INFORMATION PROVIDED ->
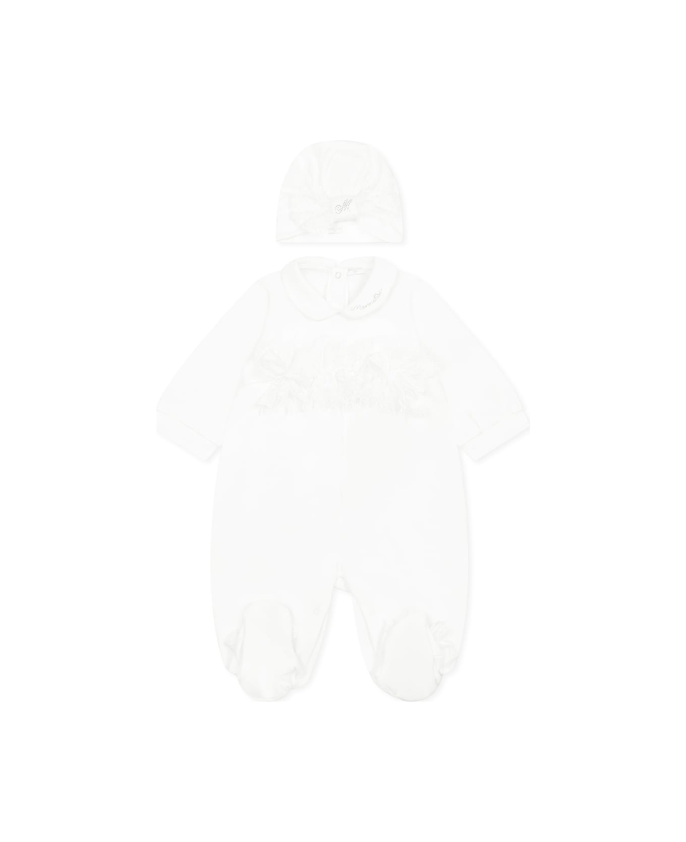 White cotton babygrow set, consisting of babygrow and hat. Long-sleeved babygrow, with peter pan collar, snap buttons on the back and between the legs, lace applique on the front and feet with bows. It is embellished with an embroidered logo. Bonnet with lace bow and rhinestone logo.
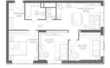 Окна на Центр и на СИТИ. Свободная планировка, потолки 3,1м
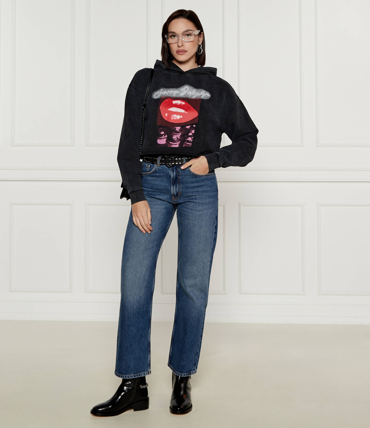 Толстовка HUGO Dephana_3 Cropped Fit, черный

WHAT YOU NEED TO DO -> Write out the data exactly, and exclude every picture it holds.

ANSWER TO THIS PROBLEM ->
 White cotton babygrow set, consisting of babygrow and hat. Long-sleeved babygrow, with peter pan collar, snap buttons on the back and between the legs, lace applique on the front and feet with bows. It is embellished with an embroidered logo. Bonnet with lace bow and rhinestone logo.
 Окна на Центр и на СИТИ. Свободная планировка, потолки 3,1м
 Толстовка HUGO Dephana_3 Cropped Fit, черный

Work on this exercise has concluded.